Kundin wünscht sich männlichen Berater
Der Fall: Die Arbeitnehmerin arbeitete seit 1992 bei ihrem Arbeitgeber, einem Unternehmen, das Bauleistungen anbot. Zunächst war sie als Architektin beschäftigt. Später wechselte sie in den Vertrieb, dort kam es zu einer Auseinandersetzung. Eine potenzielle Kundin kontaktierte den Arbeitgeber als Bauinteressentin für ein Bauvorhaben. Sie wendete sich telefonisch direkt an den Regionalleiter. Diesem teilte sie in dem entsprechenden Gespräch mit, dass sie keine weibliche Betreuerin wünsche. Der Vorgesetzte der Architektin übernahm daraufhin die Betreuung der Kundin.
Das missfiel der Arbeitnehmerin. Sie beschwerte sich. Das änderte allerdings nichts. Der Arbeitnehmerin ging dadurch eine mögliche hohe Provision verloren. Sie wandte sich deshalb daraufhin sowohl an den Regionalleiter als auch an die AGG-Beschwerdestelle. Dort machte sie eine Diskriminierung wegen des Geschlechts geltend. Dabei berief sie sich vor allem auf eine Benachteiligung nach § 12 Abs. 4 Allgemeines Gleichbehandlungsgesetz (AGG). Sie stellte dar, dass der Arbeitgeber es versäumt habe, nachdem die Bauinteressentin ihren Wunsch geäußert hatte, alle geeigneten, erforderlichen und angemessenen Maßnahmen zu ergreifen, um der Benachteiligung entgegenzuwirken.

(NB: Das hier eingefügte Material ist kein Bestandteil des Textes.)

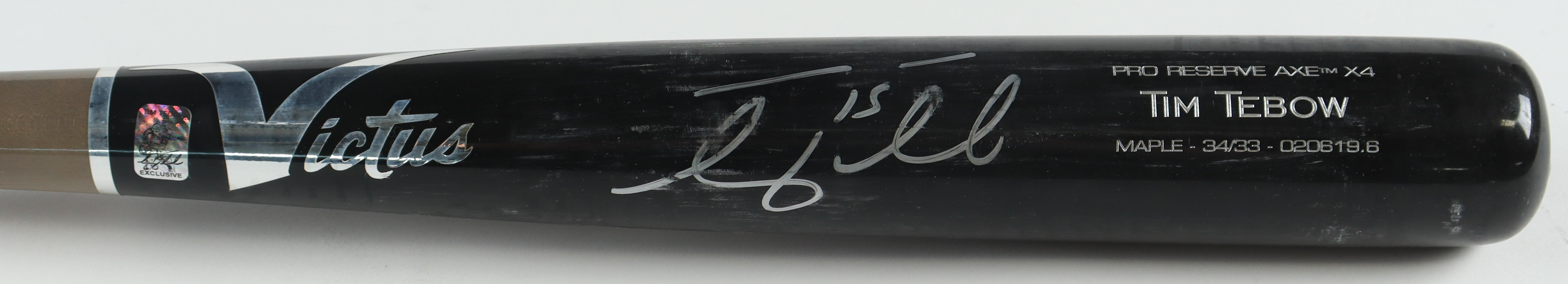 Victus Tim Tebow Axe X4 Pro Reserve Model baseball bat. Hand-signed by Tim Tebow (New York Mets). Please note the bat is worn down from use and the signature is scuffed.

Gericht hält Diskriminierung für gegeben
Die Entscheidung: Das Gericht stellte zunächst klar, dass der Anspruch auf Entschädigung einen Verstoß gegen das in § 7 Abs. 1 AGG geregelte Benachteiligungsverbot voraussetze. Die Bauherrin hier im Fall wollte nicht von einer weiblichen Kundenbetreuerin betreut werden. Sie bevorzugte einen männlichen Kollegen. Das war eine geschlechtsbezogene Diskriminierung. Die Diskriminierung fiel nicht in den Wirkungsbereich des Arbeitgebers. Allerdings habe dieser seine Mitarbeiterin selbst unmittelbar benachteiligt, indem er der Arbeitnehmerin die Kundin, die ihr zugeordnet war, und die damit verbundene Aufgabe entzog. Der Arbeitgeber habe mehrere Möglichkeiten gehabt, die Mitarbeiterin zu schützen und seinen Verpflichtungen nach § 12 Abs. 4 AGG nachzukommen.
Lediglich wenn die geeigneten, erforderlichen und angemessenen Maßnahmen zum Schutz gegen eine Benachteiligung durch Dritte nach § 7 Abs. 1 AGG nicht fruchten, hätte man eine eigene benachteiligende Vorgehensweise des Arbeitgebers ausschließen können. An entsprechenden Maßnahmen fehle es jedoch hier.
Gericht verlangt vom Arbeitgeber Versuch gütlicher Lösung
Das Gericht stellte in seiner Entscheidung zudem klar, dass der Arbeitgeber zumindest eine gütliche Lösung hätte anstreben müssen. Er wäre verpflichtet gewesen, der Kundin die Kompetenz der weiblichen Beraterin vorzustellen. Einfach den männlichen Kollegen zuzuweisen, wie die Kundin das gewünscht hatte, sei gerade keine Maßnahme i. S. d. § 12 Abs. 4 AGG.
Schließlich wurde der weiblichen Arbeitnehmerin so von vornherein die Möglichkeit genommen, ihr Können gegenüber der Bauherrin unter Beweis zu stellen. Die Arbeitnehmerin erhielt deshalb eine Entschädigung.